= Beginning of Section =
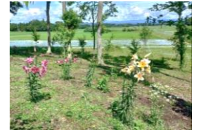
農村部墓地 ゆりの花
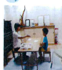
以上児 お箸検定試験中!
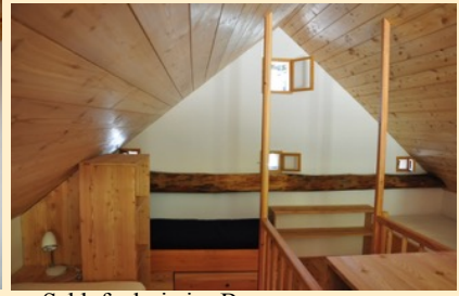
Schlafgalerie im Bewegungsraum
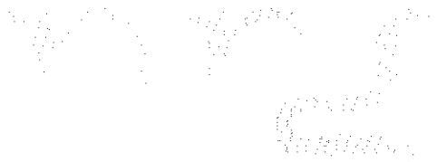
Det sökta märket

Ärendet avser ansökan om varumärkesregistrering av märket NRG, i figur återgivet nedan, för tjänster avseende annons- och reklamverksamhet; undersökningar avseende företags- eller affärsverksamhet samt utvärderingar av affärsverksamhet; företagsledning; företagsadministration; kontorstjänster; sammanställning, lagring, analys och hämtning av data och information; företagskonsulttjänster; rådgivning och assistans vid företagsledning; företagsinformation, kommersiell information och statistisk information; upplåtande av annons- och reklamutrymme inkluderande upplåtande av annons- och reklamutrymme via direktanslutning; informations- och rådgivningstjänster, alla avseende ovan nämnda tjänster, inkluderande sådana tjänster via direktanslutning från ett datornät eller via internet eller extranet i klass 35 samt immaterialrättsliga konsultationer i form av skapande av namn, logotyper eller andra tecken i samband med industriell eller immateriell egendom, inkluderande skapande av varumärken eller logotyper, bolags- eller handelsnamn och/eller områdesnamn samt bevakningstjänster avseende immaterialrättsliga rättigheter i klass 45.
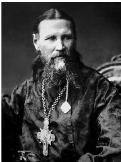
Св. Иоанн Кронштадтский

ная Церковь учит нас, грешных, что земная жизнь дана нам исключительно для покаяния. Искреннее покаяние, рождая в сердце неприязнь к грехам, требует от нас не только их исповедания, но и последующего их исправления в жизни, становления души, но путь добрых помыслов и дел. К сожалению, русский народ, в том числе и казаки, заняты всем чем угодно, только не покаянием. Это тем более горько, что русский народ, некогда народ-богоносец, мог бы воспринять на себя
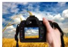
Slikanje i fotografiranje
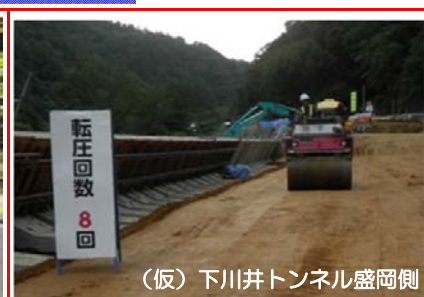
(仮)下川井トンネル盛岡側

大型ブロックと盛土で道路を拡幅しています。振動ローラで土を締め固めている状況です。
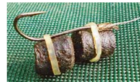
Осетровый пелетс можно смонтировать на крючке с помощью маленьких резинок.

На моем излюбленном форелевом озере часто уже через два часа бывает поклевка. Когда я в последний раз посетил водоем, первая рыба попала на поплавочную оснастку. После подсечки она сразу же сделала мощный бросок и выскочила из воды. Зрелище впечатляющее! Осетр был длиной примерно 1 м и массой около 4 кг. Вскоре после поимки он вновь обрел свободу. С наступлением ночи разразилась сильная
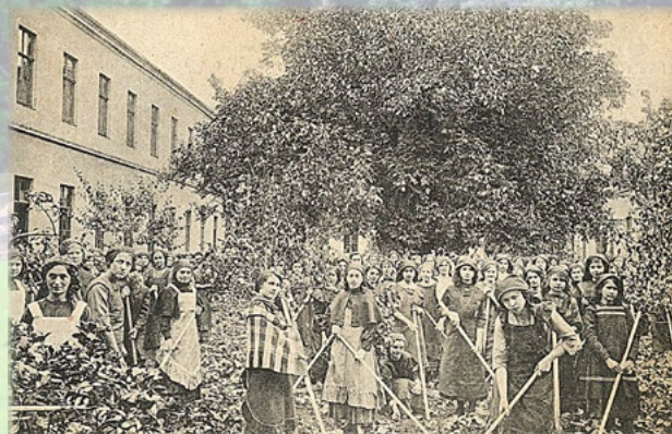
Növendékek a temesvári zárdaiskola kertjében

Impresszum: Bizalom és bátorság – A Boldogasszony Iskolanővérek lapja • www.iskolanoverek.hu • Kiadja: Boldogasszony Iskolanővérek • A szerkesztőség címe: 1092 Budapest, Knézich utca 5 – 7. • Telefon: +36 1 215-9017 • E-mail: info@iskolanoverek.hu • Felelős kiadó: Lobmayer Ágnes M. Judit SSND • Alapító főszerkesztő: Lobmayer Ágnes M. Judit SSND • Főszerkesztő: Koncz Veronika • Arculat, layout: Katona Zsófia
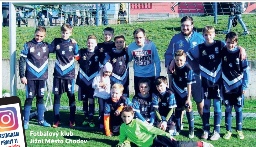
Fotbalový klub Jižní Město Chodov

Srdečně vás zveme na vzpomínkový pietní akt. Pietní akt se uskuteční v úterý dne 9. května 2017 v 9 hodin na Chodovském hřbitově . Bude uctěna památka zde pohřbených 263 rudoarmějců padlých v pražské operaci a 31 padlých pražských povstalců z Chodova a okolí. Český svaz bojovníků za svobodu za podpory MČ Praha 11 jsou přesvědčeni, že tato pamětní akce kladně působí na přítomnou mládež, která v doprovodu svých pedagogů nebo rodičů se tím učí vzdávat úctu hrdinům, padlým v poslední velké bitvě nekrutější války v dějinách lidstva, kdy byl náš národ nepřitelem dokonce předem odsouzen k smrti.
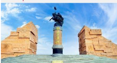
เขตท่องเที่ยวเจงกีสข่าน
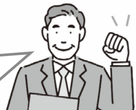
事業主・会社の管理職など
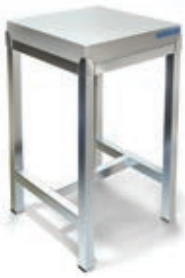
СТОЛ КОЛОДА ДЛЯ РУБКИ МЯСА
= End of Section =
## What to work on
The whole listing above is to be repeated exactly, apart from its pictures.

## Response to the exercise
農村部墓地 ゆりの花
以上児 お箸検定試験中!
Schlafgalerie im Bewegungsraum
Det sökta märket

Ärendet avser ansökan om varumärkesregistrering av märket NRG, i figur återgivet nedan, för tjänster avseende annons- och reklamverksamhet; undersökningar avseende företags- eller affärsverksamhet samt utvärderingar av affärsverksamhet; företagsledning; företagsadministration; kontorstjänster; sammanställning, lagring, analys och hämtning av data och information; företagskonsulttjänster; rådgivning och assistans vid företagsledning; företagsinformation, kommersiell information och statistisk information; upplåtande av annons- och reklamutrymme inkluderande upplåtande av annons- och reklamutrymme via direktanslutning; informations- och rådgivningstjänster, alla avseende ovan nämnda tjänster, inkluderande sådana tjänster via direktanslutning från ett datornät eller via internet eller extranet i klass 35 samt immaterialrättsliga konsultationer i form av skapande av namn, logotyper eller andra tecken i samband med industriell eller immateriell egendom, inkluderande skapande av varumärken eller logotyper, bolags- eller handelsnamn och/eller områdesnamn samt bevakningstjänster avseende immaterialrättsliga rättigheter i klass 45.
Св. Иоанн Кронштадтский

ная Церковь учит нас, грешных, что земная жизнь дана нам исключительно для покаяния. Искреннее покаяние, рождая в сердце неприязнь к грехам, требует от нас не только их исповедания, но и последующего их исправления в жизни, становления души, но путь добрых помыслов и дел. К сожалению, русский народ, в том числе и казаки, заняты всем чем угодно, только не покаянием. Это тем более горько, что русский народ, некогда народ-богоносец, мог бы воспринять на себя
Slikanje i fotografiranje
(仮)下川井トンネル盛岡側

大型ブロックと盛土で道路を拡幅しています。振動ローラで土を締め固めている状況です。
Осетровый пелетс можно смонтировать на крючке с помощью маленьких резинок.

На моем излюбленном форелевом озере часто уже через два часа бывает поклевка. Когда я в последний раз посетил водоем, первая рыба попала на поплавочную оснастку. После подсечки она сразу же сделала мощный бросок и выскочила из воды. Зрелище впечатляющее! Осетр был длиной примерно 1 м и массой около 4 кг. Вскоре после поимки он вновь обрел свободу. С наступлением ночи разразилась сильная
Növendékek a temesvári zárdaiskola kertjében

Impresszum: Bizalom és bátorság – A Boldogasszony Iskolanővérek lapja • www.iskolanoverek.hu • Kiadja: Boldogasszony Iskolanővérek • A szerkesztőség címe: 1092 Budapest, Knézich utca 5 – 7. • Telefon: +36 1 215-9017 • E-mail: info@iskolanoverek.hu • Felelős kiadó: Lobmayer Ágnes M. Judit SSND • Alapító főszerkesztő: Lobmayer Ágnes M. Judit SSND • Főszerkesztő: Koncz Veronika • Arculat, layout: Katona Zsófia
Fotbalový klub Jižní Město Chodov

Srdečně vás zveme na vzpomínkový pietní akt. Pietní akt se uskuteční v úterý dne 9. května 2017 v 9 hodin na Chodovském hřbitově . Bude uctěna památka zde pohřbených 263 rudoarmějců padlých v pražské operaci a 31 padlých pražských povstalců z Chodova a okolí. Český svaz bojovníků za svobodu za podpory MČ Praha 11 jsou přesvědčeni, že tato pamětní akce kladně působí na přítomnou mládež, která v doprovodu svých pedagogů nebo rodičů se tím učí vzdávat úctu hrdinům, padlým v poslední velké bitvě nekrutější války v dějinách lidstva, kdy byl náš národ nepřitelem dokonce předem odsouzen k smrti.
เขตท่องเที่ยวเจงกีสข่าน
事業主・会社の管理職など
СТОЛ КОЛОДА ДЛЯ РУБКИ МЯСА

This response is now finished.